She prayed to the good Father, who had been revealed to her by the dying girl; and from her prayers came a strength which was a new life to her soul. From her strong desire to be good—to be what Jenny had been—had grown up a new faith.

In the forenoon came the wife and daughter of the good physician again upon the mission of mercy. They had requested the attendance of an undertaker, and assumed the whole charge of the funeral of Jenny, which was to take place on the third day after her death.

Fanny had hardly thought of herself since the angel of death entered the house, though she had been weighed down by a burden of guilt that did not embody itself in particular thoughts. In her sincere penitence, and in her firm and sacred resolve to be good and true, she had found only a partial peace of mind. She had not a doubt in regard to her future course: she must return to Woodville, and submit to any punishment which her kind friends might impose upon her. She was willing to suffer for what she had done; she was even willing to be sent to her uncle's in Minnesota; and this feeling of submission was the best evidence to herself of the reality of her repentance.

She was not willing to return to Woodville till she had seen the mortal part of Jenny laid away in its final resting-place. But Mr. Grant, who was at Hudson with his daughters, might already have been informed of her wicked conduct; and Mr. Long was probably still engaged in the search for her. There was a duty she owed to her friends which her awakened conscience would not permit her to neglect. The family would be very anxious about her, for wayward and wilful as she had been, she felt that they still loved her. Procuring pen and paper, she wrote a letter to Mrs. Green, informing her that she should return home on Friday; that she would submit to any punishment, and endeavor to be good in the future. She sealed the note, and put it in the post-office, with a feeling that it was all she could do at present as an atonement for her faults. If it was not all she could do, it was an error of judgment, not of the heart.

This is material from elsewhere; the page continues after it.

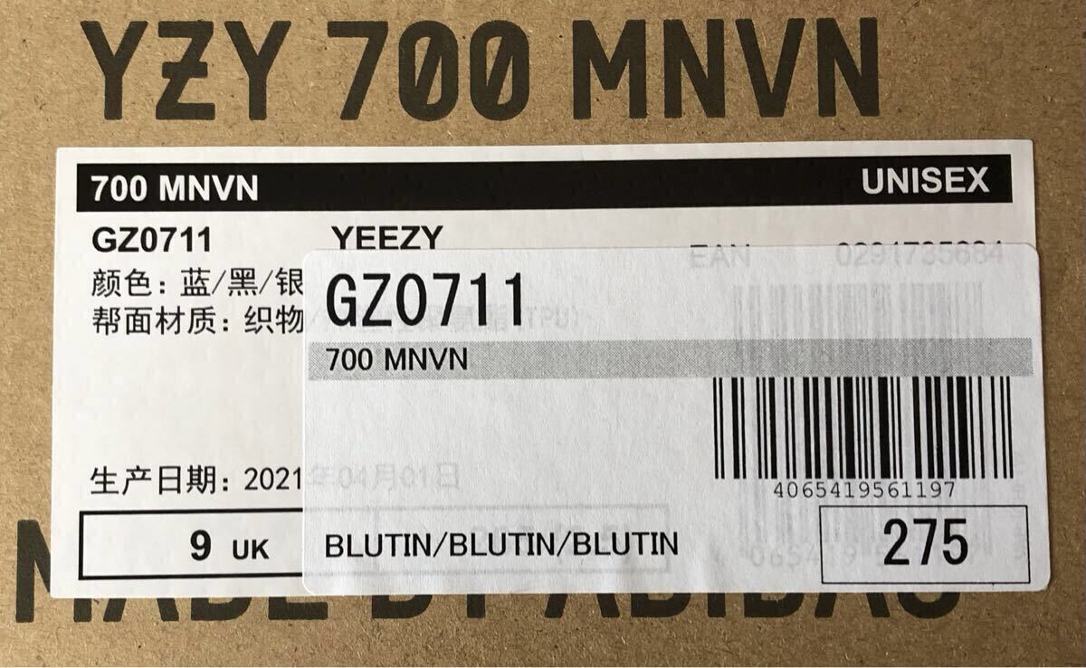 adidas アディダス YEEZY BOOST 700 MNVN 27.5cm BLUTIN タグ付き 箱付き

On Thursday the form of Jenny was placed in the coffin. It was not a pauper's coffin; it was a black-walnut casket—plain, but rich—selected by Mrs. Porter, the physician's lady, who could not permit the form of one so beautiful to be enclosed in a less appropriate receptacle. The choicest flowers lay upon her breast, and a beautiful wreath and cross were placed upon the casket before the funeral services commenced.

The clergyman was a friend of Dr. Porter, and he was worthy to be the friend of so true a man. The service was solemn and touching; no word of hope and consolation was omitted because they stood in the humble abode of poverty and want. He spoke of the beautiful life and the happy death of Jenny, and prayed that her parents might be comforted; that the little brother might be blessed by her short life, and that "the devoted young friend, who had so tenderly watched over the last hours of the departed," might be sanctified by her holy ministrations. The father, living or dead, wherever suffering, or wherever battling against the foes of his country, was remembered.

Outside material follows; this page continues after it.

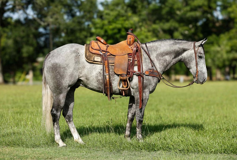 NLINE AUCTION Place your bids at www.PlatinumEquineAuction.com Starting Bid $3500 Auction ends July 27th 2025 Need a new saddle? Check out White Rock Saddles on our website or Facebook LIL KEMO SAHBEE AKA Kemo is a 5 AQHA gray gelding, standing 14.3 hands and stout! Kemo is a tried and true all around gelding! From the arena to the trails, and the ranch, this guy has done and seen it all! Travels out confidently by himself or with other horses. He is remarkably surefooted, you can count on him to pay attention and navigate any terrain you put in front of him. He will go absolutely anywhere you point your reins! He loves water, crosses all type of obstacles and terrain, and has been exposed to all types of wild life, livestock, and machinery! Kemo is great in all types of trail group settings, and will lead the pack or follow! If you enjoy the weekend show life, or love riding in the arena, you can also count on Kemo to be your partner! You’ll love taking him for a spin in the arena! Kemo is a naturally good mover, he carries himself well, has a good stop, easy back up, side passes to open/close gates. His neck rein is solid & true, stays right between your bridle reins. Kemo has also been rode lightly in English and would excel in that direction as well! He would also make a great western dressage partner and has all the buttons to be competitive in the working equitation! He is equipped with the skills and demeanor to excel in a wide array of disciplines. We’ve turned back cattle on him, have ridden him all over the pastures checking yearlings and cow/calf pairs. Kemo is always the pick for Ranch Rodeos as well. Whether you’re eyeing the show pen or seeking a versatile partner to hit the trail with Kemo is the man for you. He has a supple stop, collects on the bridle, side passes, spins, and more! You can do all of the ranch trail maneuvers on him with ease and it does not take an experienced rider, special equipment, or a tons of training to be able to understand and utilize all of his buttons. Kemo is very affectionate and is the first to meet you at the gate, and is guaranteed to become a lifetime member of your family! If you would like to schedule a time to come meet and ride Kemo, or have any other questions Kemo feel free to reach out! Rachel TR Livestock with or to make a Buy It Now Offer, 605-370-4644. Located in Rusk, TX. ONLINE AUCTION Place your bids at www.PlatinumEquineAuction.com Starting Bid $3500 Auction ends July 27th 2025 Need a new saddle? Check out White Rock Saddles on our website or Facebook

Fanny wept, as all in the house wept, when the good man feelingly delineated the lovely character of her who was still so beautiful in her marble silence; when he recalled those tender scenes on the evening of her death, which had been faithfully described to him by Fanny. The casket was placed in the funeral car, and followed by two carriages,—one of which contained Mrs. Kent, Eddy, and Fanny, and the other the family of Dr. Porter,—to Greenwood Cemetery. Sadly the poor mother turned away from the resting-place of her earthly treasure, and the little cortège returned to the house from which the light had gone out. The last solemn, sacred duty had been performed; Jenny had gone, but her pure influence was still to live on, and bless those who had never even known her.

When the little party reached the house, Dr. Porter, after some remarks about the solemn scenes through which they had just passed, inquired more particularly than he had been permitted to do before into the circumstances of the family. He promised to procure for her the money due to her as a soldier's wife, and to obtain some light employment for her. Mrs. Kent was very grateful to him for his kind interest in herself, and in her lost one, assuring him that she did not ask for charity, and was willing to work hard for a support.

"You have been a blessing to me, Fanny," said Mrs. Kent, when the physician and his family had departed. "I am sure that God sent you here to save me from misery and despair. What should I have done if you had not come?"

"I think I was sent for my own sake, rather than for yours, for I know that it has been a greater blessing to me than to you," replied Fanny.